As you say, whatever is the last file at the of $FILES, it will not be added to the zip along with the warning. So I think something's wrong with the way you create $FILES. Chances are there is a newline, carriage return, space, tab, or other invisible character at the end of the last filename, resulting in something that doesn't exist. Try this for example:
for f in $FILES; do echo :$f:; done
I bet the last line will be incorrect, for example:
:myfile.dat :
...or something like that instead of :myfile.dat: with no characters before the last :
UPDATE
If you say the script started working after running dos2unix on it, that confirms what everybody suspected already, that somehow there was a carriage-return at the end of your $FILES list.

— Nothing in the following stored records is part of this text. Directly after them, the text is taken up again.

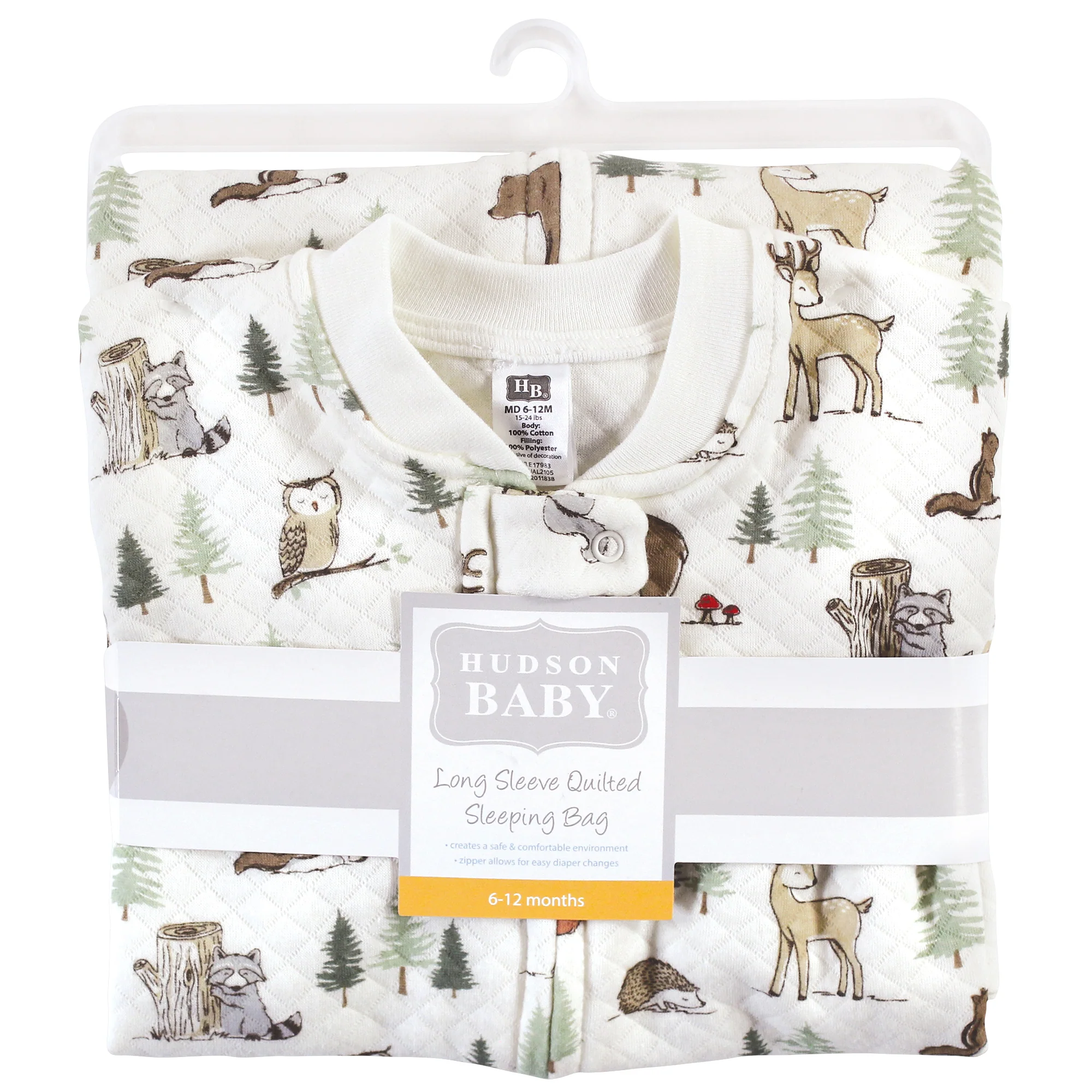 Hudson Baby premium quilted cotton sleeping bag and wearable blanket is the perfect safe sleep blanket for your little one to have a warm, cozy, comfortable and safe night of sleep. Our quilted fabric is made of soft, delightful cotton with polyester filling. Our wearable blanket is designed long-sleeve because it is made with a light cotton material, providing the perfect balance of keeping baby warm while still keeping baby safe from overheating. Our zipper closure makes for easy on and off dressing, which is especially convenient for nighttime diaper changes. Our sleep sack will replace loose blankets in the crib and will keep your little one cozy, warm and secure throughout the night. Our sleep sacks, wearable blankets and sleeping bags are always intended to be worn over children's sleepwear.
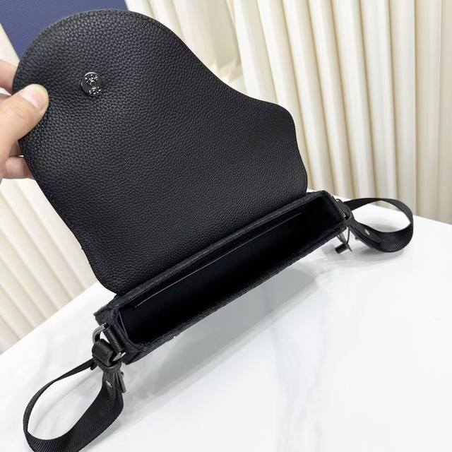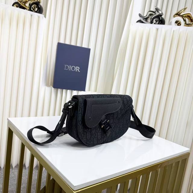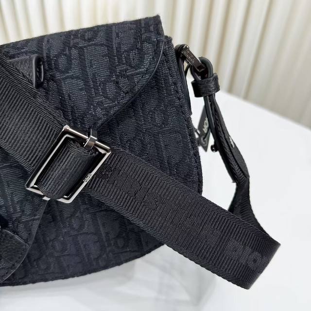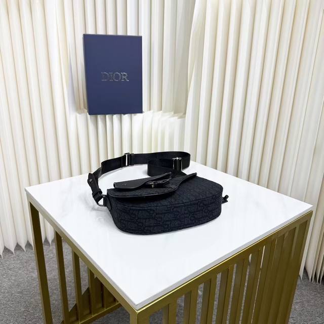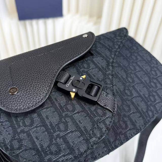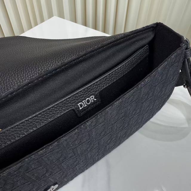 Item Number: 1Adpo325Yky_H03E. This Saddle Messenger bag is a new addition to the Fall 2024 menswear collection, exquisite and stylish. Crafted from black Oblique printed fabric, it features a tonal grained cowhide leather saddle flap and an aluminum buckle for added sophistication. The spacious interior includes a slip pocket for everyday essentials and comes with an adjustable Christian Dior nylon jacquard shoulder strap for shoulder or crossbody wear.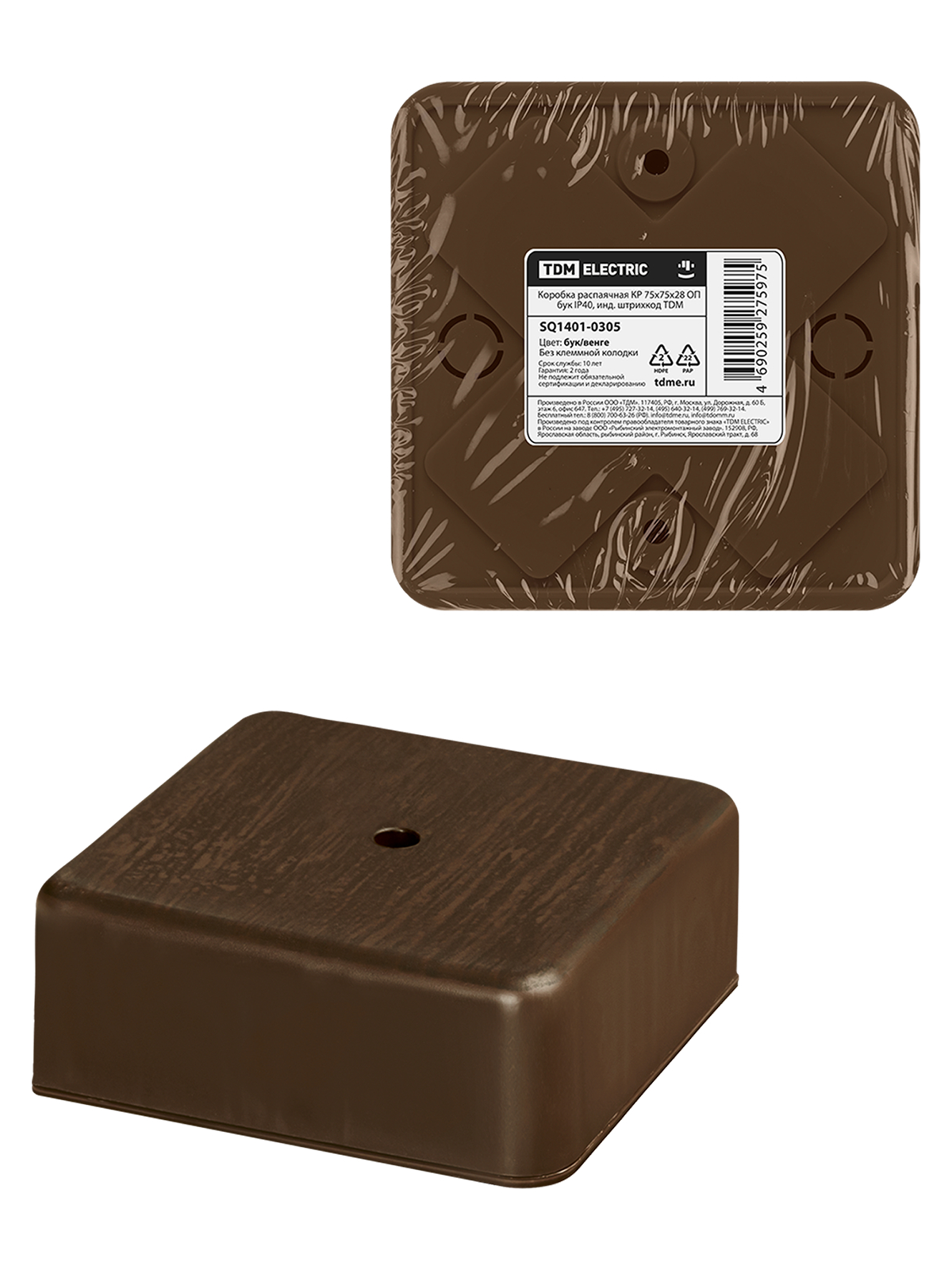 Наименование: Коробка распаячная КР 75х75х28 ОП бук IP40, инд. штрихкод TDM

od -c shows the \r carriage-return. Try echo $FILES | od -c
Another possible cause that can generate a zip warning: name not matched: error is having any of zip's environment variables set incorrectly.
From the man page:
ENVIRONMENT
The following environment variables are read and used by zip as described.
ZIPOPT
contains default options that will be used when running zip. The contents of this environment variable will get added to the command line just after the zip command.
ZIP
[Not on RISC OS and VMS] see ZIPOPT
Zip$Options
[RISC OS] see ZIPOPT
Zip$Exts
[RISC OS] contains extensions separated by a : that will cause native filenames with one of the specified extensions to be added to the zip file with basename and extension swapped.
ZIP_OPTS
[VMS] see ZIPOPT
In my case, I was using zip in a script and had the binary location in an environment variable ZIP so that we could change to a different zip binary easily without making tonnes of changes in the script.
Example:
ZIP=/usr/bin/zip
...
${ZIP} -r folder.zip folder
This is then processed as:
/usr/bin/zip /usr/bin/zip -r folder.zip folder
And generates the errors:
zip warning: name not matched: folder.zip
zip I/O error: Operation not permitted
zip error: Could not create output file (/usr/bin/zip.zip)
The first because it's now trying to add folder.zip to the archive instead of using it as the archive. The second and third because it's trying to use the file /usr/bin/zip.zip as the archive which is (fortunately) not writable by a normal user.
Note: This is a really old question, but I didn't find this answer anywhere, so I'm posting it to help future searchers (my future self included).
eebbesen hit the nail in his comment for my case (but i cannot vote for comment).
Another possible reason missed in the other comments is file exceeding the file size limit (4GB).
I converted my script for unix environment using dos2unix command and executed my script as ./myscript.sh instead bash myscript.sh.
I just discovered another potential cause for this. If the permissions of the directory/subdirectory don't allow the zip to find the file, it will report this error. Actually, if you run a chmod -R 444 on the directory, and then try to zip it, you will reproduce this error, and also have a "stored 0%" report, like this:
zip warning: name not matched: borrar/enviar
adding: borrar/ (stored 0%)
Hence, try changing the permissions of the file. If you are trying to send them through email, and those email filters (like Gmail's) invent silly filters of not sending executables, don't forget that making permissions very strict when making zip compression can be the cause of the error you are reporting, of "name not matched".
spaces are not allowed:
it would fail if there are more than one files(s) in $FILES unless you put them in loop
I also encountered this issue. In my case, the line separate is CRLF in my zip shell script which causes the problem. Using LF fixed it.